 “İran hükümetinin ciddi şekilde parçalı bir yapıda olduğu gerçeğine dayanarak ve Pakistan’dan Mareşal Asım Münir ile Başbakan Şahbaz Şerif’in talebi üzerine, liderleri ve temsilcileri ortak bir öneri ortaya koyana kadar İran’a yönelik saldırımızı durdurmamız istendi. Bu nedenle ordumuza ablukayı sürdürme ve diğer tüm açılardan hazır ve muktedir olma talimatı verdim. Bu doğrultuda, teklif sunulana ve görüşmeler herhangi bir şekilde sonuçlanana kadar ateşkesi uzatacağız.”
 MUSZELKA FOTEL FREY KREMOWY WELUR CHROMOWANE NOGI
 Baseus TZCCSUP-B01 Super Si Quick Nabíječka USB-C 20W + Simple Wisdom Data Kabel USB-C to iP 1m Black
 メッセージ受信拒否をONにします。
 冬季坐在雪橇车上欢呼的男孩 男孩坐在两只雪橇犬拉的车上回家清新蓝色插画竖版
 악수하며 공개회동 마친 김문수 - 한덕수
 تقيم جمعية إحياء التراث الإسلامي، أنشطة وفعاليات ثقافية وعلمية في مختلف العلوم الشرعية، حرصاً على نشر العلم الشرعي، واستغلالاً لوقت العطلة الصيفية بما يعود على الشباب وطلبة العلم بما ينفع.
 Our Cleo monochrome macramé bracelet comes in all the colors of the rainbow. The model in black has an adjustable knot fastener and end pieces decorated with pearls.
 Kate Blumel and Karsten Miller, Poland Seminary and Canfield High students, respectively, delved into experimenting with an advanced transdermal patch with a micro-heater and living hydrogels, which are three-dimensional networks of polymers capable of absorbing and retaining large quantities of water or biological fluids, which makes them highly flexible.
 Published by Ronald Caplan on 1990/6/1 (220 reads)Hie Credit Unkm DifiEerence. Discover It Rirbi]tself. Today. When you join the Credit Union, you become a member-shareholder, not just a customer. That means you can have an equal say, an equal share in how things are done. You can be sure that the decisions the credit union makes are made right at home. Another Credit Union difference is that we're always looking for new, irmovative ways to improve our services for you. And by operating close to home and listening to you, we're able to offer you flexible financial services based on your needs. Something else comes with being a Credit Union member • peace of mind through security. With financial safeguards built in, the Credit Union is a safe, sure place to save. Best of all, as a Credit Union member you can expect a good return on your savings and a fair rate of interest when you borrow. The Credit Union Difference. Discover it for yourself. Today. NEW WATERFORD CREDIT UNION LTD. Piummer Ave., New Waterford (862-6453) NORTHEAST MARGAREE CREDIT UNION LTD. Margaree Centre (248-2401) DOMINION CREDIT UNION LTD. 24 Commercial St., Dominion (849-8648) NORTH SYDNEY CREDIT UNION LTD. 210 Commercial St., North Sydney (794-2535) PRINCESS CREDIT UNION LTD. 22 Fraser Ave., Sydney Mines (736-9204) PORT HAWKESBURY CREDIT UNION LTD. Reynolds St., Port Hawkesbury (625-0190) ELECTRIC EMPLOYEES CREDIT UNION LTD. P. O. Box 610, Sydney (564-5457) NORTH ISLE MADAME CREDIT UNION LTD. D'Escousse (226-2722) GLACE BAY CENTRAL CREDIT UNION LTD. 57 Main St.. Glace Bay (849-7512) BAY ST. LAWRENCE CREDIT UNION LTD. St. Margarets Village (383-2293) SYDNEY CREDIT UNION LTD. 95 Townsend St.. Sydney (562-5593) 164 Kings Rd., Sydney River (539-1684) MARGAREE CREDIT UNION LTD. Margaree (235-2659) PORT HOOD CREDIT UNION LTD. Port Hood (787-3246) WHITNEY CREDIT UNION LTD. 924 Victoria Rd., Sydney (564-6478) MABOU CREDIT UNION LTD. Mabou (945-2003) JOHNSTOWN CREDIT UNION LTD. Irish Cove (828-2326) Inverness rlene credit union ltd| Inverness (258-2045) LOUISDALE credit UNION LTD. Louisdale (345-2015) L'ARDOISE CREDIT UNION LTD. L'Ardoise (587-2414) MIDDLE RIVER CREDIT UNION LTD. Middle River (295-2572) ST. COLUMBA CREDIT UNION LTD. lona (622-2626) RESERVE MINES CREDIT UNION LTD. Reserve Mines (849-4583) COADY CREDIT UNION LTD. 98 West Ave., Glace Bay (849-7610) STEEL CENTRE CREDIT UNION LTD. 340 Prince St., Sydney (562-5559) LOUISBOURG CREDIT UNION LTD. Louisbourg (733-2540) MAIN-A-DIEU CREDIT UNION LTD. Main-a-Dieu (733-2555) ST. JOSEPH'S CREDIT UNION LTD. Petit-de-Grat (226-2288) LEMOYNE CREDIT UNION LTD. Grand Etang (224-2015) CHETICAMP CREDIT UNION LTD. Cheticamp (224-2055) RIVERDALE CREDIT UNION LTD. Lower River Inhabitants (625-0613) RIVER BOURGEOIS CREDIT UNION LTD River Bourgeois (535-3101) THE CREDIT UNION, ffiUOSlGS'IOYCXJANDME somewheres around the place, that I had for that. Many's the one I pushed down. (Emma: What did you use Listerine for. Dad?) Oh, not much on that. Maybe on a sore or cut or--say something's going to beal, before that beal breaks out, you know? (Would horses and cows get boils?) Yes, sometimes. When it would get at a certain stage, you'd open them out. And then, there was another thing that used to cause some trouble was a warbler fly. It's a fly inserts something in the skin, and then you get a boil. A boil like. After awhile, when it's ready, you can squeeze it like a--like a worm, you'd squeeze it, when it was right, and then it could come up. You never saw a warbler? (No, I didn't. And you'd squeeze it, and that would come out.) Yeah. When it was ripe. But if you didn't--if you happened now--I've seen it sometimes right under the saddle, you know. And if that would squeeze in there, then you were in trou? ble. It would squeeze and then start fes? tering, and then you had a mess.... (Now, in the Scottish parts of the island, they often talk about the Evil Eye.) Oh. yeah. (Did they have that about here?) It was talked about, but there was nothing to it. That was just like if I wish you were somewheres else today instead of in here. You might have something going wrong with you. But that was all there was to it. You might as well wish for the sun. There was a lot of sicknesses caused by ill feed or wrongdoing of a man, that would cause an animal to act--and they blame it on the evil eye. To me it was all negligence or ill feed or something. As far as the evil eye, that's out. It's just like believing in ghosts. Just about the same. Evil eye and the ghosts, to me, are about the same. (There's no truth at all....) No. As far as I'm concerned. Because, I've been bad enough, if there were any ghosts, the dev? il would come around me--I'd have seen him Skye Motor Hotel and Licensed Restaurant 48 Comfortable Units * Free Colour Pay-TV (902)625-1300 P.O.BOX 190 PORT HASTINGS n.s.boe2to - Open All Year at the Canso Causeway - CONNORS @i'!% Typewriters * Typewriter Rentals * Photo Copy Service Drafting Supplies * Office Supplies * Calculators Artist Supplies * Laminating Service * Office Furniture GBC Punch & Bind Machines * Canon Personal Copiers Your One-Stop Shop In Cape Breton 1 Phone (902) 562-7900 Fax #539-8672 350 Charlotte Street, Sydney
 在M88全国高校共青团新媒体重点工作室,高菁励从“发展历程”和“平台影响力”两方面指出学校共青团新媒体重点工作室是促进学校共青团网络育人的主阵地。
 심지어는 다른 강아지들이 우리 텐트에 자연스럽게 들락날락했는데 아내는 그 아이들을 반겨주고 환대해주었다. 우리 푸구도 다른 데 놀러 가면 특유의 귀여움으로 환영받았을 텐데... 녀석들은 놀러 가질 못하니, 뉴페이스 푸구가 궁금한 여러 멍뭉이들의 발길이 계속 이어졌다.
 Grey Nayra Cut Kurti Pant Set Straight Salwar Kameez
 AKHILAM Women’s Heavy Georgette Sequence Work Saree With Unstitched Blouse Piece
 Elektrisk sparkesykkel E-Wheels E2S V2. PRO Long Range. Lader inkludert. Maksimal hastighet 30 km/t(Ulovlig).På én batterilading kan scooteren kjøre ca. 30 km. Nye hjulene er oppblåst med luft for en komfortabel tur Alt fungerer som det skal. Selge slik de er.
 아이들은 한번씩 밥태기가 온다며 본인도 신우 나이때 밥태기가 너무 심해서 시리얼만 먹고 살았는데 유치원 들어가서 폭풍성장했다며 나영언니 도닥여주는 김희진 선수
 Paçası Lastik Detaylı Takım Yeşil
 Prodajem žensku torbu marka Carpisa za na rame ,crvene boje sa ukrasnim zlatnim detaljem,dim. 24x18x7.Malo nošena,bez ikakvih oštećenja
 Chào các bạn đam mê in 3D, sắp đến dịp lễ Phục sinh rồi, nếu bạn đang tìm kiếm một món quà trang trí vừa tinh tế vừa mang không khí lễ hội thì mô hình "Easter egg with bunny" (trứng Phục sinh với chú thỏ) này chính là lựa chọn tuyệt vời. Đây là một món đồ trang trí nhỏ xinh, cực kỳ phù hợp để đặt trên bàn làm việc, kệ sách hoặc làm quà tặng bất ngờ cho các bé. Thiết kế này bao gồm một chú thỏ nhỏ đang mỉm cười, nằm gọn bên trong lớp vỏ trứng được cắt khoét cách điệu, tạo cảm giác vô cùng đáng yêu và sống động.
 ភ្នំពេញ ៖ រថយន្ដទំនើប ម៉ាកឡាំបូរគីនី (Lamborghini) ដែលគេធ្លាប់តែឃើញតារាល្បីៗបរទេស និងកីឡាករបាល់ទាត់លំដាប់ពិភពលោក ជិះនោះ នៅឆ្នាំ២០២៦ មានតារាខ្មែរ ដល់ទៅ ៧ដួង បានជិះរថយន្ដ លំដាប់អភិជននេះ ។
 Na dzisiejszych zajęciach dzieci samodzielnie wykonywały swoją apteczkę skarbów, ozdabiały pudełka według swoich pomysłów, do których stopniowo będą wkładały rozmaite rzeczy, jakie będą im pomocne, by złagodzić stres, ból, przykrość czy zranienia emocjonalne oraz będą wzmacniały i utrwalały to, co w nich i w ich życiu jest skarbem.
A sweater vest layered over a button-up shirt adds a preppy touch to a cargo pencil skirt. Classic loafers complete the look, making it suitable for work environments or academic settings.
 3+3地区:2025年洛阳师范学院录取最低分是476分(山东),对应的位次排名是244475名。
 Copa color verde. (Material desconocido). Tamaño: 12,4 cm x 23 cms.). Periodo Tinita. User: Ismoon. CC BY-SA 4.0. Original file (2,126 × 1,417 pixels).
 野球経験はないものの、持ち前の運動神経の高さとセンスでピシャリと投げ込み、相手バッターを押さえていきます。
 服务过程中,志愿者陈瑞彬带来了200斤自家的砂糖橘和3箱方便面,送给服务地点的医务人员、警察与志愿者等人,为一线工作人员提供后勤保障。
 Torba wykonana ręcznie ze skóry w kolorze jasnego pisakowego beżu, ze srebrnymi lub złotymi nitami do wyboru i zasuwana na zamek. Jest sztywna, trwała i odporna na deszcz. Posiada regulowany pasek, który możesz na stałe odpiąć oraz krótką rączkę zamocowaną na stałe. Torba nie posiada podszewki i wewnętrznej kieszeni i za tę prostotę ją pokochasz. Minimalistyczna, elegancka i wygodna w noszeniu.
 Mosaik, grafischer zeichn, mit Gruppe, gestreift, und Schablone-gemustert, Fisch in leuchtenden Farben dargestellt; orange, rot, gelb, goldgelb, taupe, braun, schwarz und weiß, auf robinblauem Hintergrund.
---
TASK DESCRIPTION:
Proceeding from the line containing "野球経験はないものの、持ち前" through the line containing "服务过程中,志愿者陈瑞彬带来", transcribe the lines above exactly, both end lines included.

TASK SOLUTION:
 野球経験はないものの、持ち前の運動神経の高さとセンスでピシャリと投げ込み、相手バッターを押さえていきます。
 服务过程中,志愿者陈瑞彬带来了200斤自家的砂糖橘和3箱方便面,送给服务地点的医务人员、警察与志愿者等人,为一线工作人员提供后勤保障。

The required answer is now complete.